[Material for this task]:

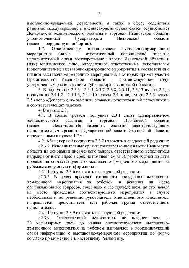 Постановление Правительства Ивановской области от 28.12.2021 N 706-п "О внесении изменений в постановление Правительства Ивановской области от 23.11.2012 N 490-п "Об утверждении Регламента организации подготовки и проведения мероприятий в сфере международных и внешнеэкономических связей Правительства Ивановской области и исполнительных органов государственной власти Ивановской области, а также выставочно-ярмарочных мероприятий в субъектах Российской Федерации и за рубежом"
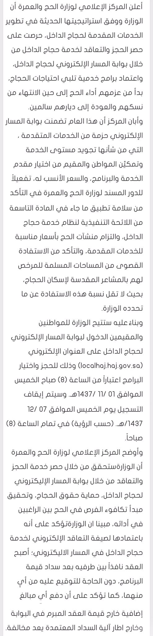 هاشتاق السعودية A Twitter الحج والعمرة تفتح التسجيل في المسار الإلكتروني لحجاج الداخل غرة ذي القعدة
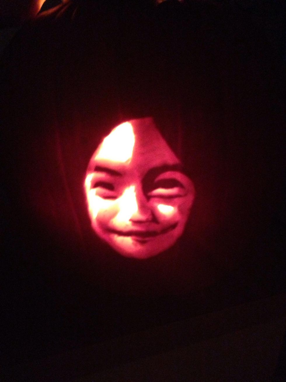 The cut out part was the white. The carved off skin is the gray and the remaining pumpkin skin was the black. Looks like crap right now. Don't worry! Put a bright light inside and...
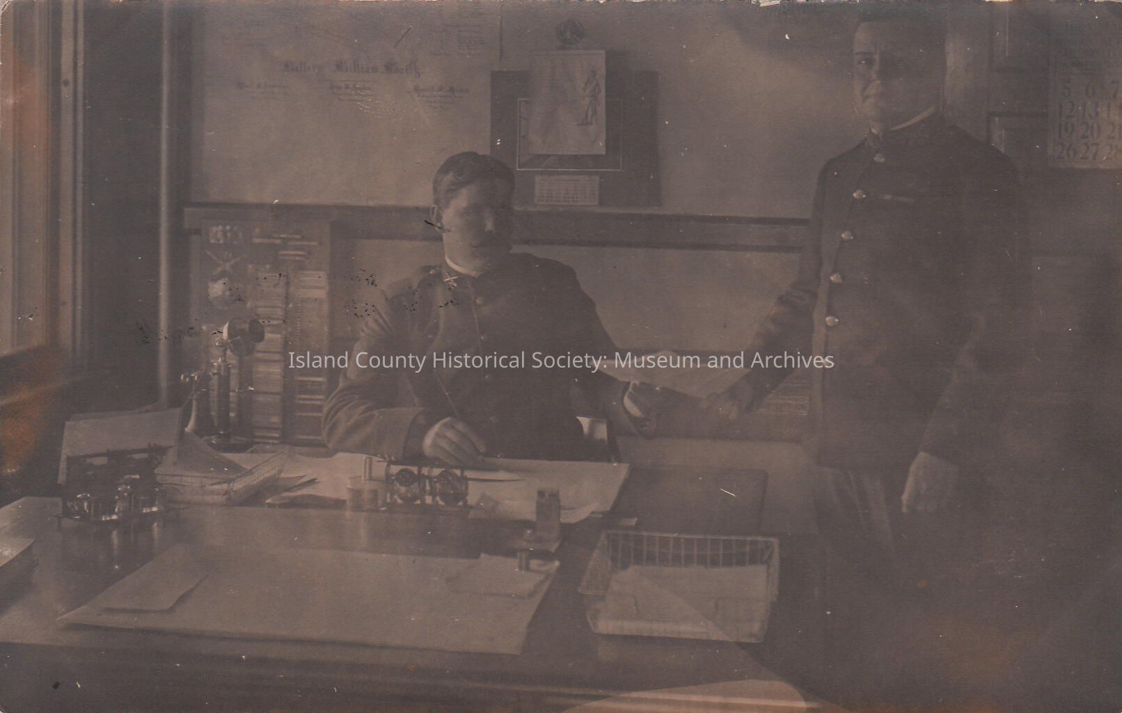 Soldiers in uniform in an office. One standing and one sitting at a desk. Non-dial candlestick telephone is on the desk. Possibly at Fort Casey. AZO postcard issued: 1904-1918.
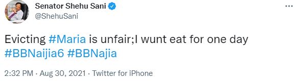 Senator, Shehu Sani has expressed how displeased he is over the fact that Maria got evicted from the BBNaija show last weekend, 29th August.
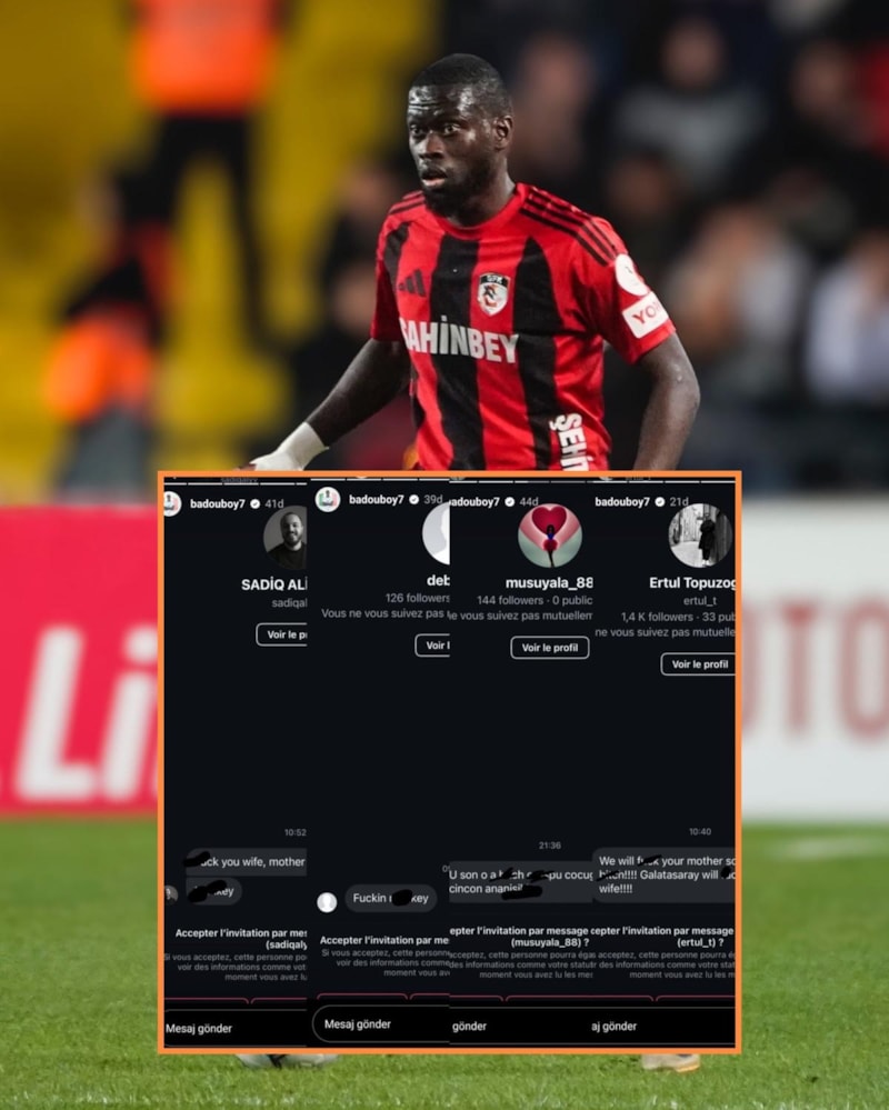 Gaziantep FK'nın orta saha oyuncusu Badou N'Diaye, Fenerbahçe ile oynadıkları maçın ardından kendisine tepki gösteren İrfan Can Eğribayat'a yanıt verdi. N'Diaye sosyal medya hesabından ise kendisine gelen küfürlü mesajları ifşa etti.
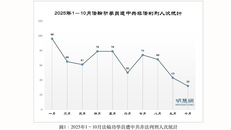 據明慧網報導統計,獲知今年十月份又有32名法輪功學員被非法判刑。
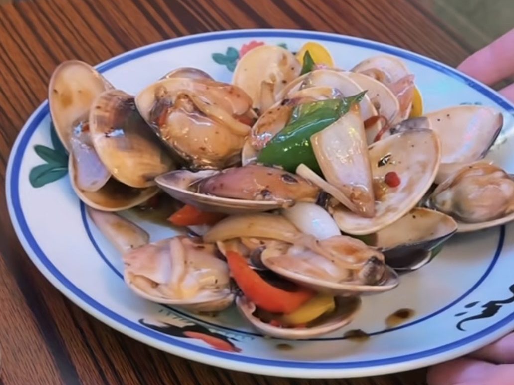 おすすめメニューのひとつ「豉椒炒花蛤(アサリのトウチと唐辛子炒め)」3,800円は、豆鼓(トウチ)の深い旨味と唐辛子の辛さが、新鮮なアサリの甘みを引き立てる一品。鉄鍋の強火で仕上げることで“鑊気”が立ち上り、香ばしさと食欲を刺激します。

[Work order]: Without the pictures, set down every entry exactly.

[Response for this exercise]:
 Постановление Правительства Ивановской области от 28.12.2021 N 706-п "О внесении изменений в постановление Правительства Ивановской области от 23.11.2012 N 490-п "Об утверждении Регламента организации подготовки и проведения мероприятий в сфере международных и внешнеэкономических связей Правительства Ивановской области и исполнительных органов государственной власти Ивановской области, а также выставочно-ярмарочных мероприятий в субъектах Российской Федерации и за рубежом"
 هاشتاق السعودية A Twitter الحج والعمرة تفتح التسجيل في المسار الإلكتروني لحجاج الداخل غرة ذي القعدة
 The cut out part was the white. The carved off skin is the gray and the remaining pumpkin skin was the black. Looks like crap right now. Don't worry! Put a bright light inside and...
 Soldiers in uniform in an office. One standing and one sitting at a desk. Non-dial candlestick telephone is on the desk. Possibly at Fort Casey. AZO postcard issued: 1904-1918.
 Senator, Shehu Sani has expressed how displeased he is over the fact that Maria got evicted from the BBNaija show last weekend, 29th August.
 Gaziantep FK'nın orta saha oyuncusu Badou N'Diaye, Fenerbahçe ile oynadıkları maçın ardından kendisine tepki gösteren İrfan Can Eğribayat'a yanıt verdi. N'Diaye sosyal medya hesabından ise kendisine gelen küfürlü mesajları ifşa etti.
 據明慧網報導統計,獲知今年十月份又有32名法輪功學員被非法判刑。
 おすすめメニューのひとつ「豉椒炒花蛤(アサリのトウチと唐辛子炒め)」3,800円は、豆鼓(トウチ)の深い旨味と唐辛子の辛さが、新鮮なアサリの甘みを引き立てる一品。鉄鍋の強火で仕上げることで“鑊気”が立ち上り、香ばしさと食欲を刺激します。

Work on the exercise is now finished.